**What the task requires**
Copy the data that follows exactly. Include no pictures.

**Data extract**
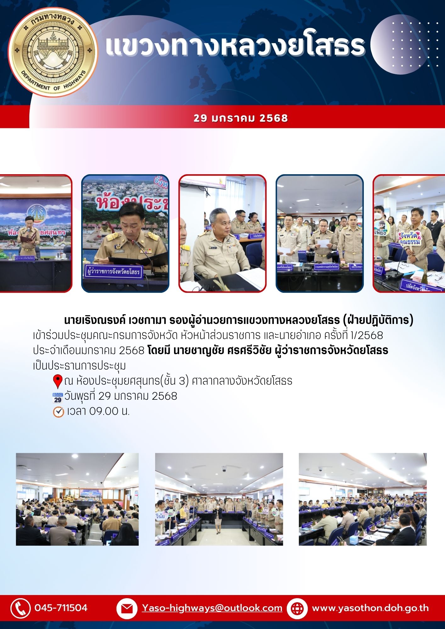 เข้าร่วมประชุมคณะกรมการจังหวัด หัวหน้าส่วนราชการ และนายอำเภอ ครั้งที่ 1/2568 ประจำเดือนมกราคม 2568
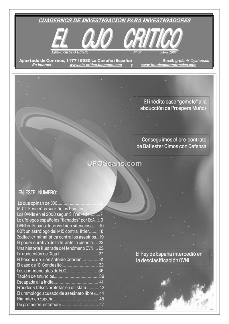 This document is the 57th issue of 'El Ojo Crítico' (EOC), a Spanish magazine dedicated to investigative journalism regarding ufology, paranormal phenomena, and criminal esotericism. Published in April 2008 by Grupo Fénix, the issue provides a critical overview of the state of ufology in Spain, focusing heavily on the history of the Spanish Air Force's (Ejército del Aire) UFO declassification process. The magazine features articles by Manuel Carballal, Salvador Freixedo, and others, who analyze the military's handling of UFO files, the role of specific researchers like J.J. Benítez and Vicente Juan Ballester Olmos, and the alleged influence of the Spanish Royal Family in the declassification process. A significant portion of the issue is dedicated to 'criminal esotericism,' including reports on ritual child murders in Africa, the 'Muti' phenomenon, and the 'Adam' case in London. The magazine also covers the 'El Condesito' case, a historical Spanish UFO incident, and provides critical commentary on the 'Movimiento Escéptico Organizado' (MEO). Furthermore, the issue includes historical analysis of Nazi-era archaeological collaborations in Spain, the use of astrology by British intelligence against Hitler, and contemporary reports on false prophets in Iraq. The magazine maintains a skeptical, investigative stance, often challenging mainstream narratives and highlighting the intersection of government secrecy, intelligence operations, and the 'mystery' community.
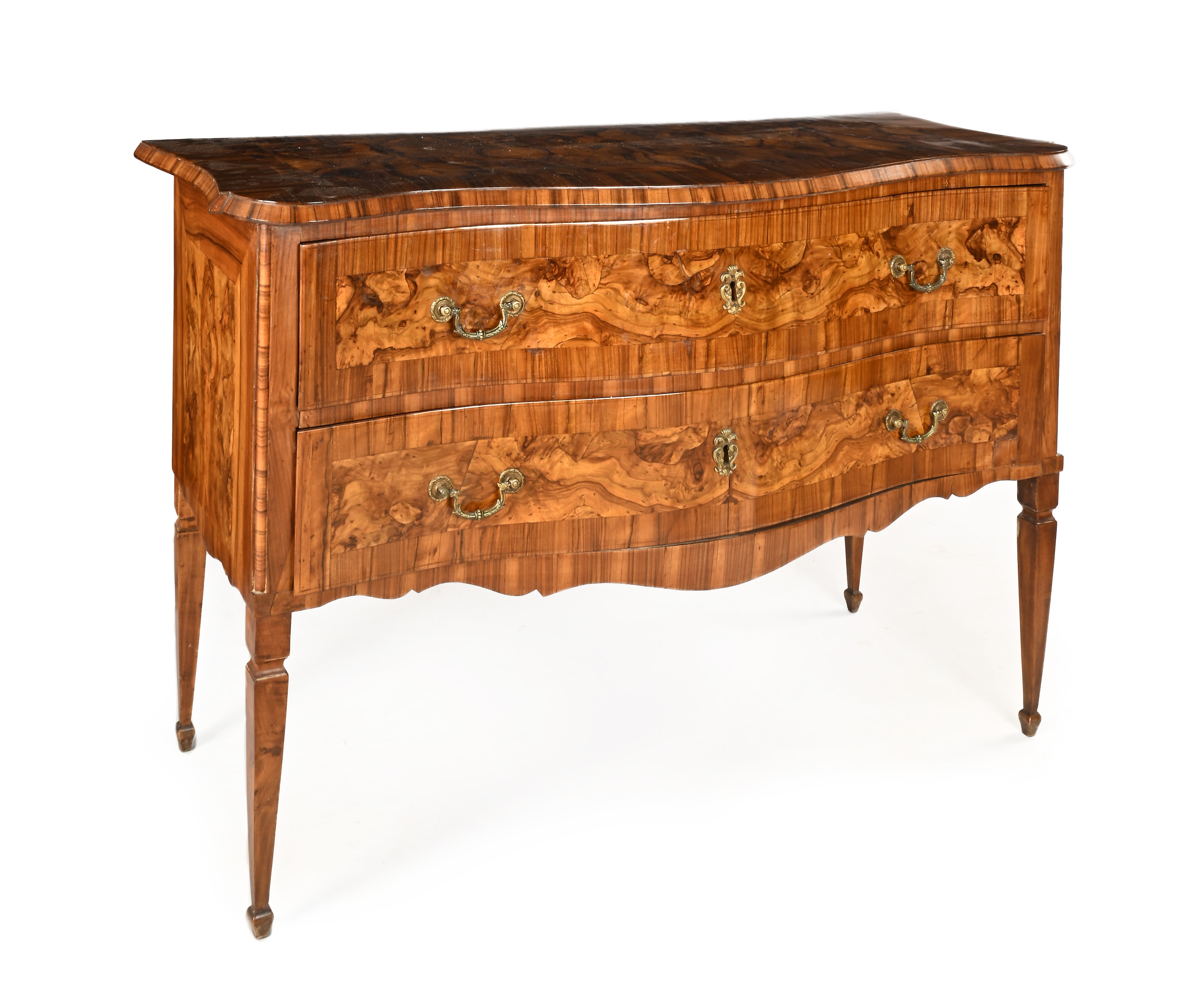 Cassettone in noce e radica di noce, Emilia, fine del XVIII secolo

**Response**
 เข้าร่วมประชุมคณะกรมการจังหวัด หัวหน้าส่วนราชการ และนายอำเภอ ครั้งที่ 1/2568 ประจำเดือนมกราคม 2568
 This document is the 57th issue of 'El Ojo Crítico' (EOC), a Spanish magazine dedicated to investigative journalism regarding ufology, paranormal phenomena, and criminal esotericism. Published in April 2008 by Grupo Fénix, the issue provides a critical overview of the state of ufology in Spain, focusing heavily on the history of the Spanish Air Force's (Ejército del Aire) UFO declassification process. The magazine features articles by Manuel Carballal, Salvador Freixedo, and others, who analyze the military's handling of UFO files, the role of specific researchers like J.J. Benítez and Vicente Juan Ballester Olmos, and the alleged influence of the Spanish Royal Family in the declassification process. A significant portion of the issue is dedicated to 'criminal esotericism,' including reports on ritual child murders in Africa, the 'Muti' phenomenon, and the 'Adam' case in London. The magazine also covers the 'El Condesito' case, a historical Spanish UFO incident, and provides critical commentary on the 'Movimiento Escéptico Organizado' (MEO). Furthermore, the issue includes historical analysis of Nazi-era archaeological collaborations in Spain, the use of astrology by British intelligence against Hitler, and contemporary reports on false prophets in Iraq. The magazine maintains a skeptical, investigative stance, often challenging mainstream narratives and highlighting the intersection of government secrecy, intelligence operations, and the 'mystery' community.
 Cassettone in noce e radica di noce, Emilia, fine del XVIII secolo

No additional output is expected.